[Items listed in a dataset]
******************************

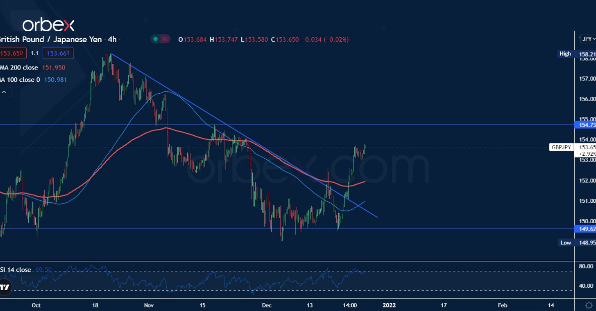 من المتوقع أن يواصل الزوج ارتفاعه إلى المستوى 154.73 بعد كسر خط الاتجاه الهابط والمتوسط المتحرك 200 على الإطار الزمني 4 ساعات.
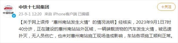 ·中鐵十七局集團(tuán)發(fā)布對(duì)“惠州南站發(fā)生火情”的說(shuō)明:一輛裝載貨物的汽車(chē)發(fā)生火情,被迅速撲滅,未造成人員、財(cái)產(chǎn)傷亡。
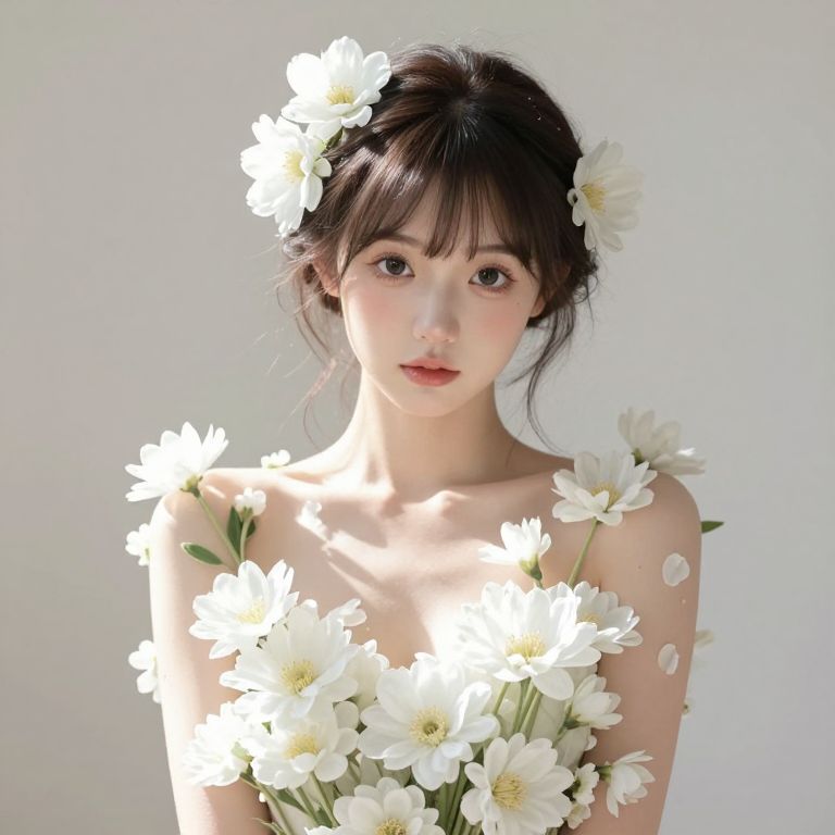 A hyper-realistic portrait of a young East Asian woman with delicate features and charming eyes, adorned with multiple white flowers emerging from her shoulders and hair. The bright natural lighting highlights the soft skin texture and intricate petals, set against a light neutral background to emphasize the ethereal and surreal beauty.
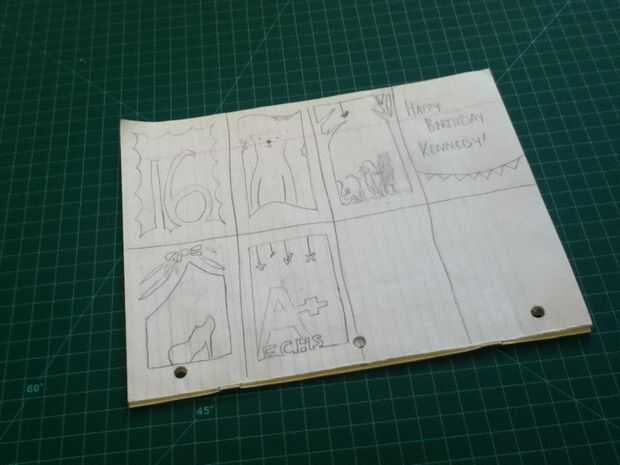 Empezar por esbozar las cinco escenas que tienes dentro de tu tarjeta, en el papel de desecho. Puede hacerlos como simple o complicado como quieras, pero recuerda, estará cortando les hacia fuera más adelante. DEBE dejar un borde alrededor de los bordes de tus imágenes, para que la tarjeta puede ser montada correctamente. También asegúrese de que los bordes de tus imágenes toquen la frontera, porque una vez más, estará cortando les hacia fuera más adelante. Usted puede Agregar la superposición de imágenes y patrones porque habrá dos 'capas' en cada escena (puede que desee dibujar dos cuadros separados para cada escena).
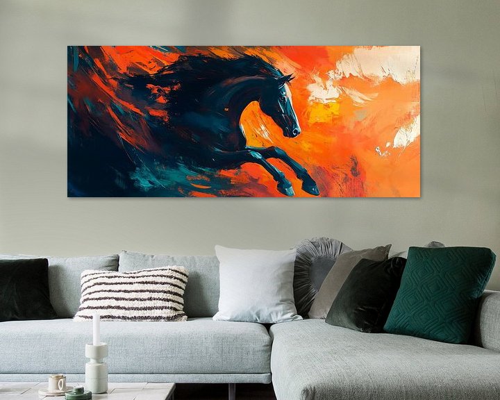 Erhältlich mit oder ohne Passepartout für eine stilvolle Präsentation von Schwarz Pferd im Farbenrausch Kunstwerken.
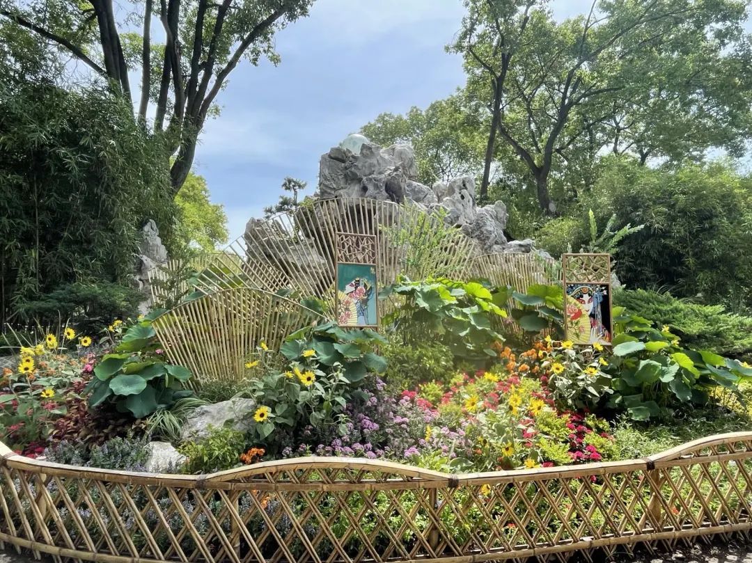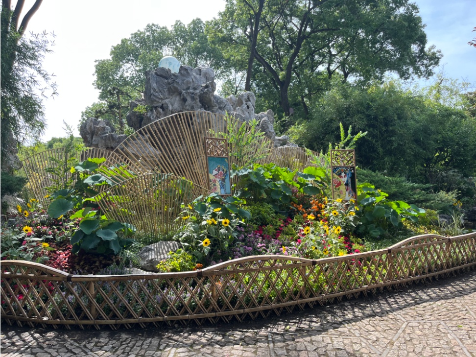 景点以假山为背景,布置了向日葵和荷花,在竹扇光影的映衬下,荷花荷叶簇拥着瓷板画国粹,而向日葵衬托着“主角”们,欣欣向荣又富有韵味。微风袭来,荷花仿佛穿着粉裳翠裙翩翩起舞,向日葵似乎闪烁着金光,给人一种置身江南水乡的感觉,惬意感油然而生。
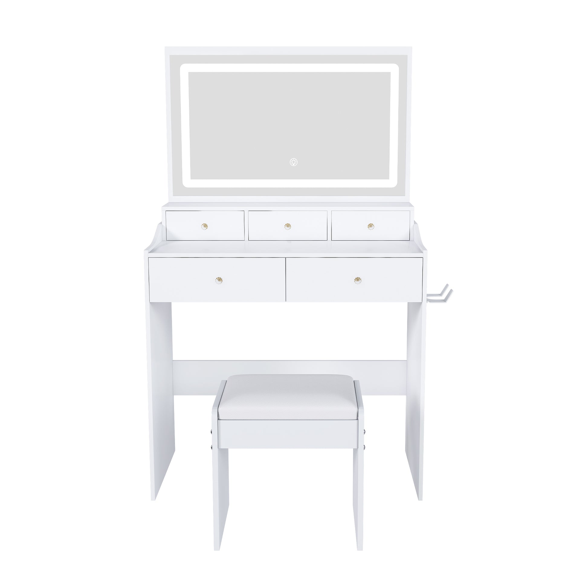 Modern White Vanity Desk with Large Mirror, Power Outlet & Hair Dryer Holder, Adjustable Lighting, 5 Drawers
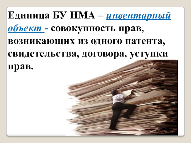 Слайд 9Единица БУ НМА – инвентарный объект - совокупность прав, возникающих из
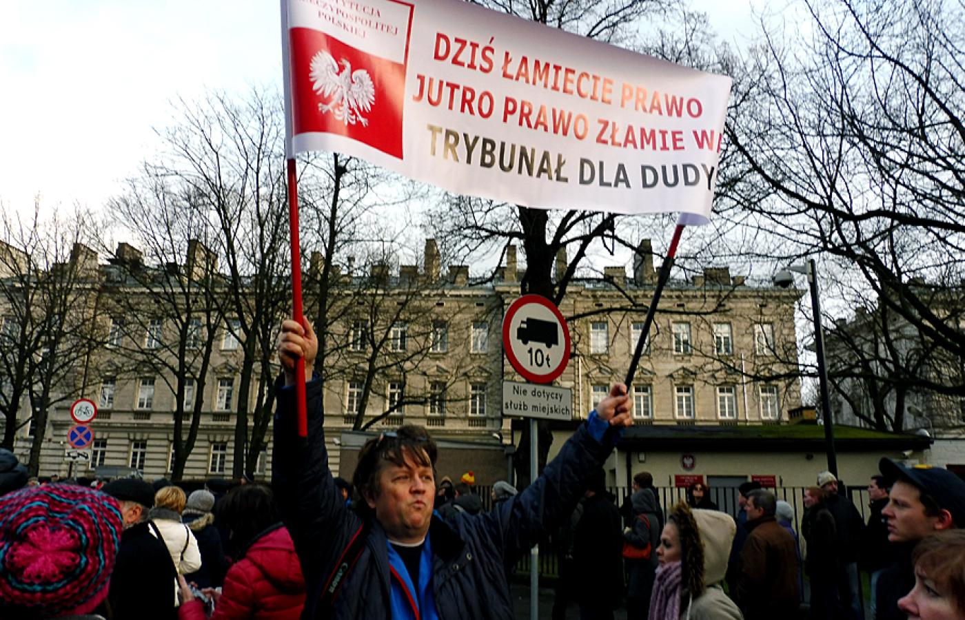 Tłum manifestował przed trzema miejscami symbolizującymi trójpodział władzy: siedzibą Trybunału Konstytucyjnego, Sejmem oraz Pałacem Prezydenckim. Demonstrujący skandowali hasła dedykowane przedstawicielom nowej władzy: „Obronimy konstytucjję”, „Andrzej Duda musi odejść”, „Jarosław, Polskę zostaw”, „Andrzej Duda przed Trybunał”, „Duda, Duda, to się nie uda”, „Chcemy prezydenta, nie namiestnika”, „Andrzej Duda to obłuda”, „Za pięć stów nas nie kupicie”, „Państwo prawa, nie prezesa”, „Przyjdzie pora na Kaczora”. A nawet: „Wyrwać Kempę z korzeniami” czy „Drukuj wyrok, Beata!”. Na początku demonstracji odśpiewano też hymn państwowy.
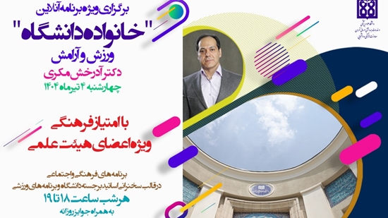 به گزارش روابط عمومی معاونت فرهنگی و دانشجویی دانشگاه علوم پزشکی تهران؛ پنجمین ویژه برنامه آنلاین در قالب برنامه خانواده دانشگاه با موضوع سلسله جلسات توسعه فردی دکتر آذرخش مکری، عضو هیئت علمی دانشگاه علوم پزشکی تهران، چهارشنبه ۴ تیر ۱۴۰۴ از ساعت ۱۸ تا ۱۹ به همراه اهدای جایزه به صورت قرعه کشی برگزار می‌شود.
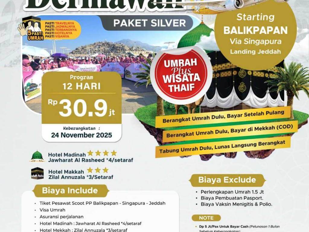 - DP 5 Jt/Pax untuk Program COD (bayar setelah setelah tiba di Tanah Suci).
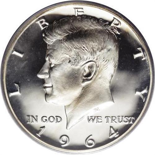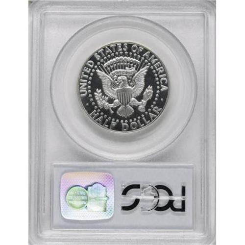 <B>1964 50C Accented Hair PR68 Deep Cameo PCGS.</B></I> A marvelous example of this first-year variety, one that was issued early in the year before the new Kennedy half design was modified to deemphasize the wavy hair below President Kennedy's part. It was rumored that the President's widow, Jacqueline Kennedy, disliked the strong detail in the hair. A practiced eye can spot the strong, incisive hair detail that marks the variety with little problem, but the easiest identifier, as noted in <I>Cherrypickers' </B></I>fourth edition, volume two, is the broken bottom-left serif on the I of LIBERTY. Few coins indeed can match the quality of the present silver-white, near-flawless specimen, and the contrast between the inky-black fields and crisply frosted devices is remarkable. PCGS has certified only eight coins in PR68 Deep Cameo, with none finer (10/07).<BR><I>From The Kallenberg #1 PCGS Registry Set Of Proof Half Dollars.</B></I><BR><BR><b>Shipping:</b> Coins & Currency (<a target="_blank" href="http://www.heritageauctions.com/common/shipping.php">view shipping information</a>)
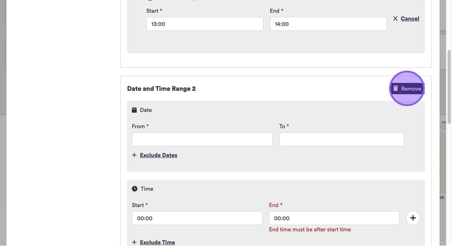 This will create a "Date and Time Range 2". If you no longer need this, or added it in error, simply click "Remove".
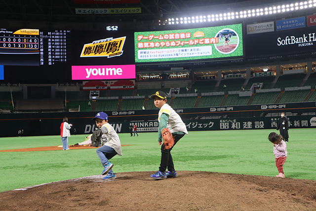 デーゲーム限定でホークスの試合終了後すぐのフィールドを体験!内野エリアではベースランニングやお立ち台での記念撮影、外野エリアではキャッチボールなどをお楽しみいただけます。
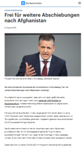 Frei argumentierte außerdem, in den vergangenen fünf Jahren seien nur etwa 1.000 Menschen nach Afghanistan abgeschoben worden. Dabei habe es sich um Terrorgefährder und Straftäter gehandelt. Insgesamt gebe es hierzulande derzeit 30.000 ausreisepflichtige Afghanen.

******************************

What is expected -
With the pictures left out, write out exactly the lines above from the one containing "Empezar por esbozar" through the one containing "景点以假山为背景,布置了向日".

Written reply -
 Empezar por esbozar las cinco escenas que tienes dentro de tu tarjeta, en el papel de desecho. Puede hacerlos como simple o complicado como quieras, pero recuerda, estará cortando les hacia fuera más adelante. DEBE dejar un borde alrededor de los bordes de tus imágenes, para que la tarjeta puede ser montada correctamente. También asegúrese de que los bordes de tus imágenes toquen la frontera, porque una vez más, estará cortando les hacia fuera más adelante. Usted puede Agregar la superposición de imágenes y patrones porque habrá dos 'capas' en cada escena (puede que desee dibujar dos cuadros separados para cada escena).
 Erhältlich mit oder ohne Passepartout für eine stilvolle Präsentation von Schwarz Pferd im Farbenrausch Kunstwerken.
 景点以假山为背景,布置了向日葵和荷花,在竹扇光影的映衬下,荷花荷叶簇拥着瓷板画国粹,而向日葵衬托着“主角”们,欣欣向荣又富有韵味。微风袭来,荷花仿佛穿着粉裳翠裙翩翩起舞,向日葵似乎闪烁着金光,给人一种置身江南水乡的感觉,惬意感油然而生。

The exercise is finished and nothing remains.